- TASK STATEMENT
Among the entries below, the lines from the one with "However, not all" up to and including the one with "灰紫の赤城紬を濃系の帯でシックに現代的にまとめてみる" are to be restated exactly, without pictures.

- THE DATA
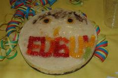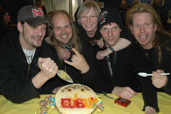 Band-Dunstkreis die rituelle Edguy-Torte anschneidet und die Bierchen
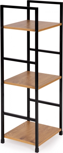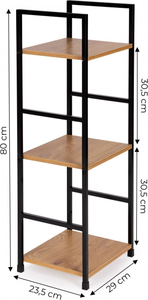 Stilska knjižna omara v industrijskem slogu združuje črn kovinski okvir in police iz MDF v lesnem dekorju. Ponuja 3 praktične police, stabilno konstrukcijo in univerzalno uporabo v dnevni sobi, spalnici, predsobi in kopalnici. Zaradi kompaktnih mer je primerna tudi za manjše prostore, enostavna za sestavo in ne opraska tal zahvaljujoč zaščitnim zaključkom.
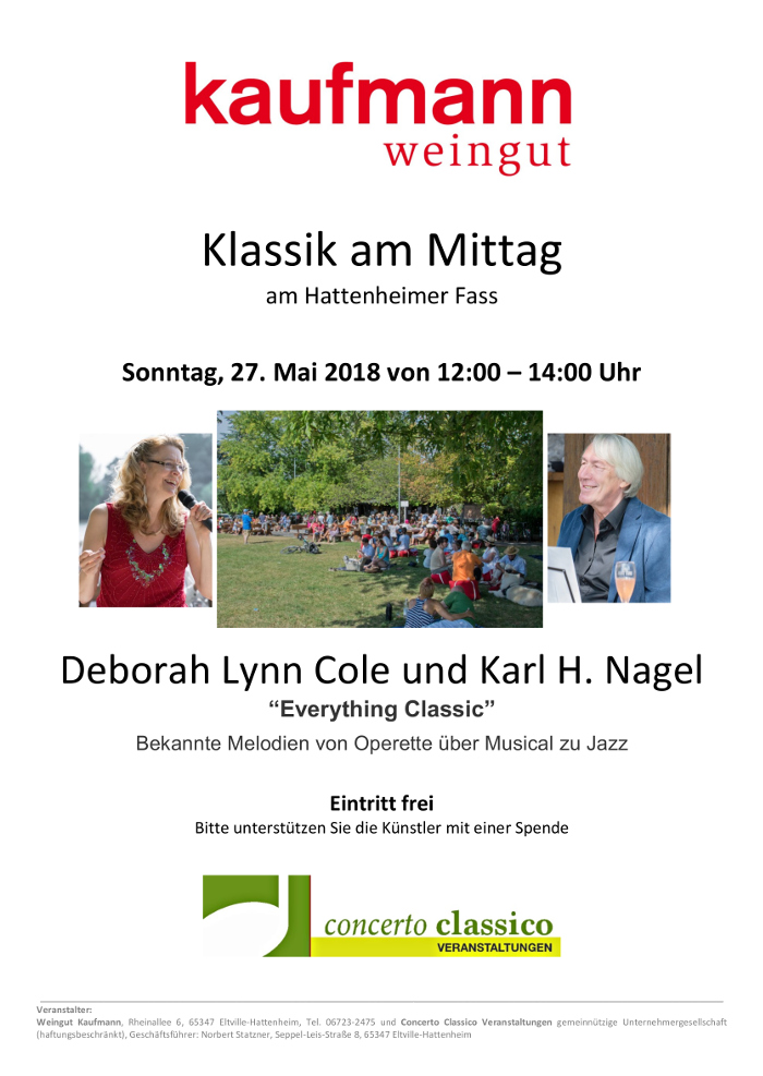 Die Künstler werden wiederum ein anspruchsvolles Programm zusammenstellen aus Operette, Musical und Jazz, das passend zu einem gemütlichen Beisammensein am schönsten Weinstand im Rheingau zum Zuhören und zum Mitsingen dargeboten wird.
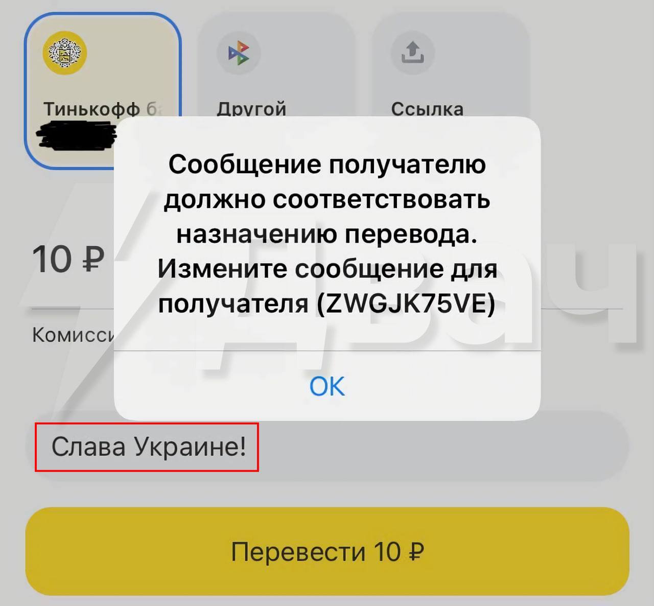 Тинькофф Банк запретил переводы с комментариями, связанными с Украиной
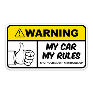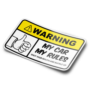 Assert your vehicular authority with our cheeky "My Car My Rules" sticker! Perfect for letting passengers know who's boss in your four-wheeled domain. This durable, weather-resistant decal adds personality to your ride while establishing the pecking order. Stick it on your dashboard, window or bumper for maximum impact. A must-have for drivers who like to maintain control of their automotive kingdom!
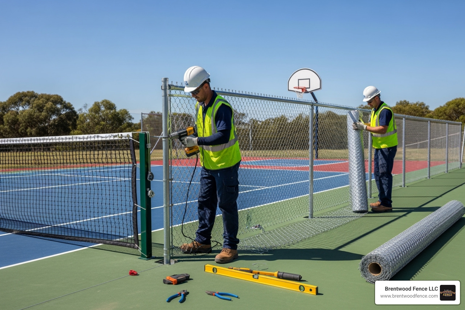 However, not all installations are the same. Height requirements vary by sport—tennis courts need 10-12 feet behind baselines, basketball courts require 10-16 feet, and pickleball courts work best with 10-12 feet. Local building codes also add a layer of complexity.
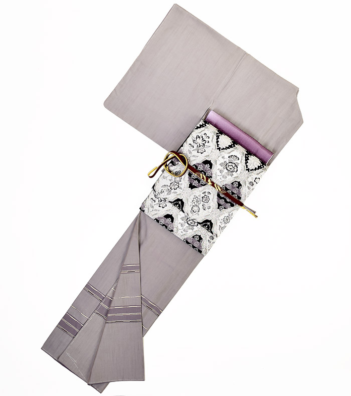 灰紫の赤城紬を濃系の帯でシックに現代的にまとめてみる
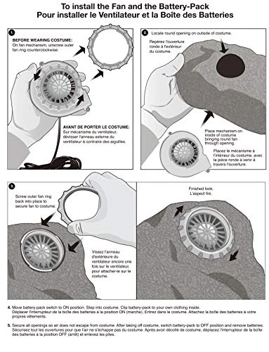 - Product includes inflatable costume, gloves, fan with battery pack, not included: (4) AA batteries
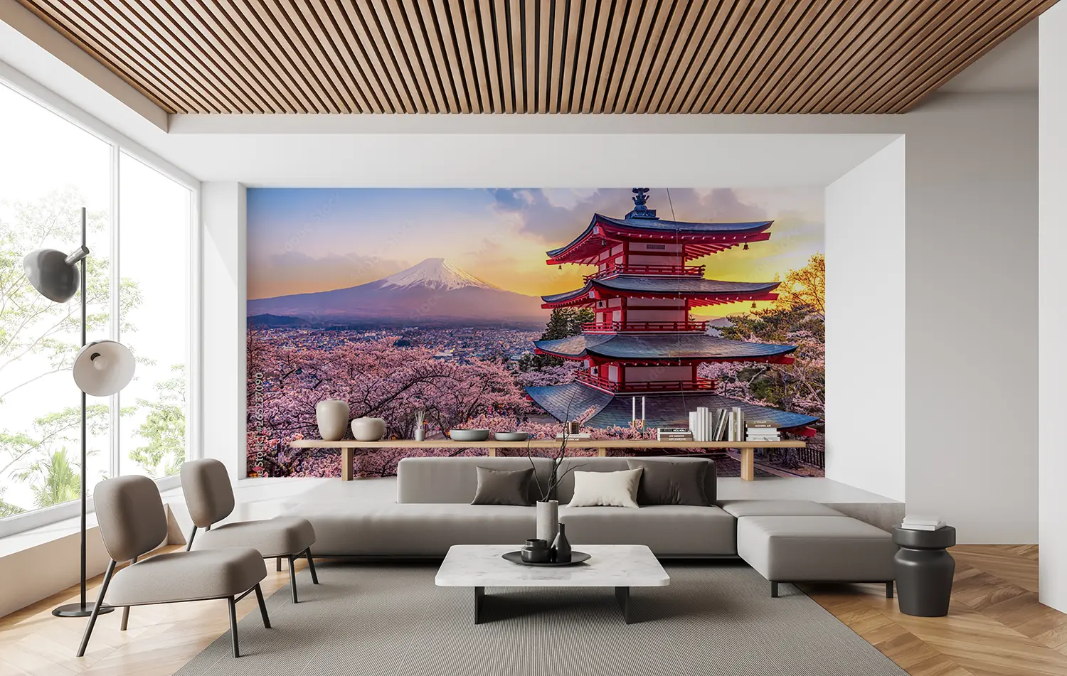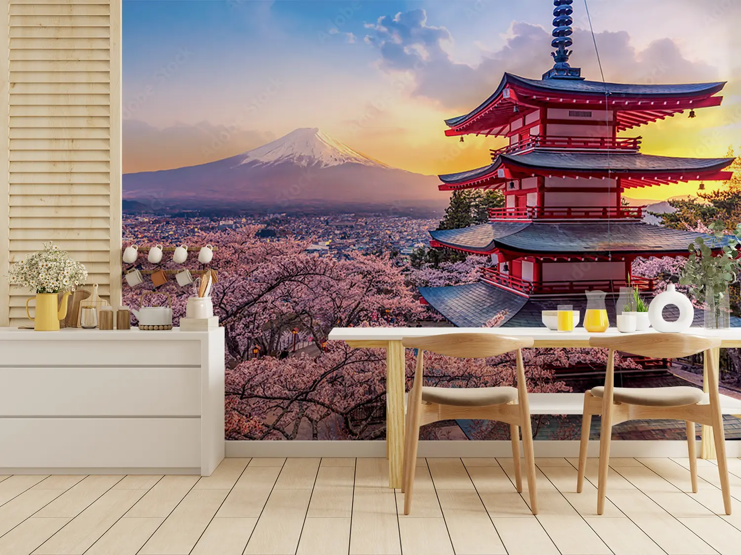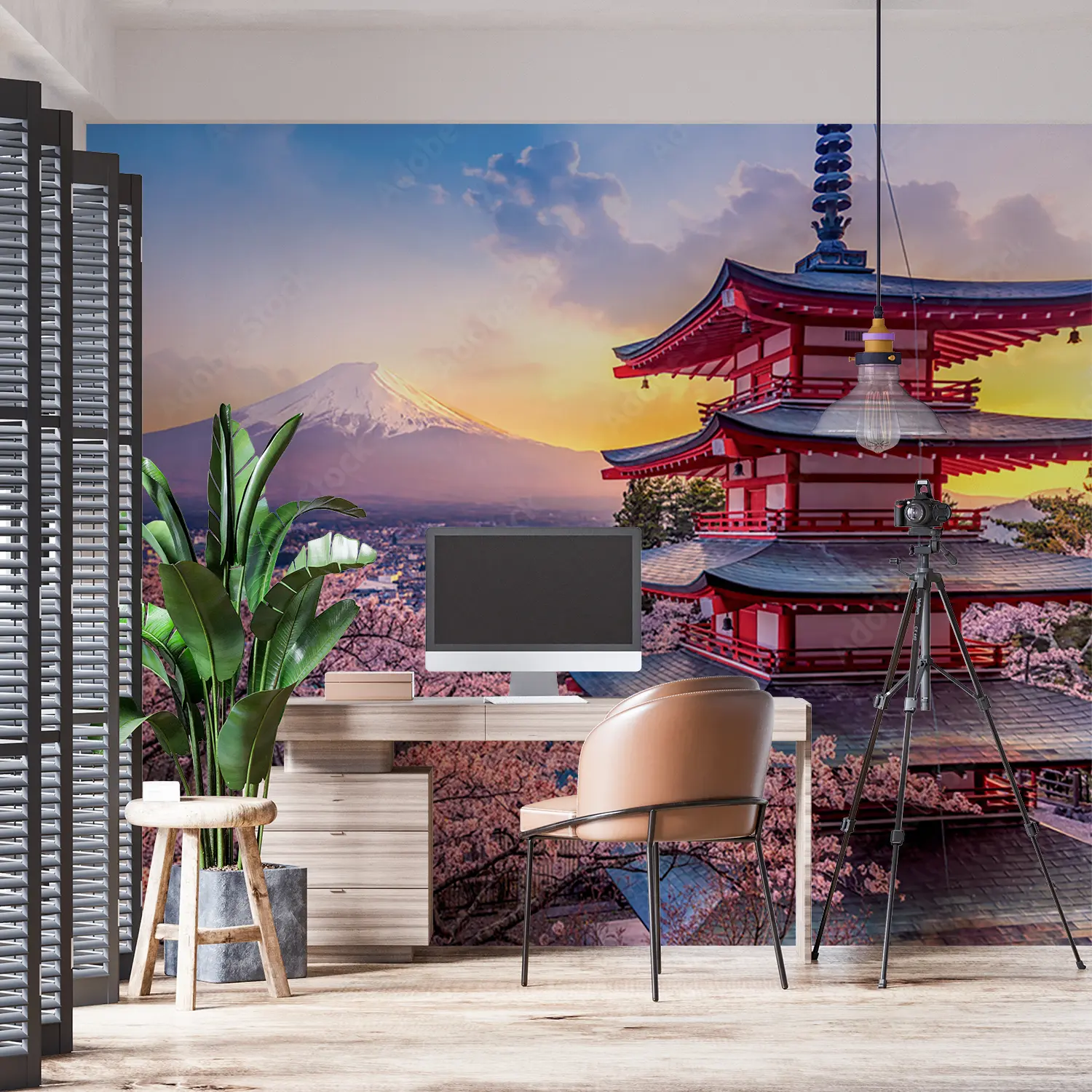 Transform your space with the tranquil beauty of a pagoda against a majestic mountain backdrop. This captivating wall art effortlessly enhances any room with its calming charm and cultural allure. Complementary colors to consider include soft blues, deep reds, and warm neutrals to create a harmonious and inviting atmosphere in your home.

- RESULT OF THIS TASK
 However, not all installations are the same. Height requirements vary by sport—tennis courts need 10-12 feet behind baselines, basketball courts require 10-16 feet, and pickleball courts work best with 10-12 feet. Local building codes also add a layer of complexity.
 灰紫の赤城紬を濃系の帯でシックに現代的にまとめてみる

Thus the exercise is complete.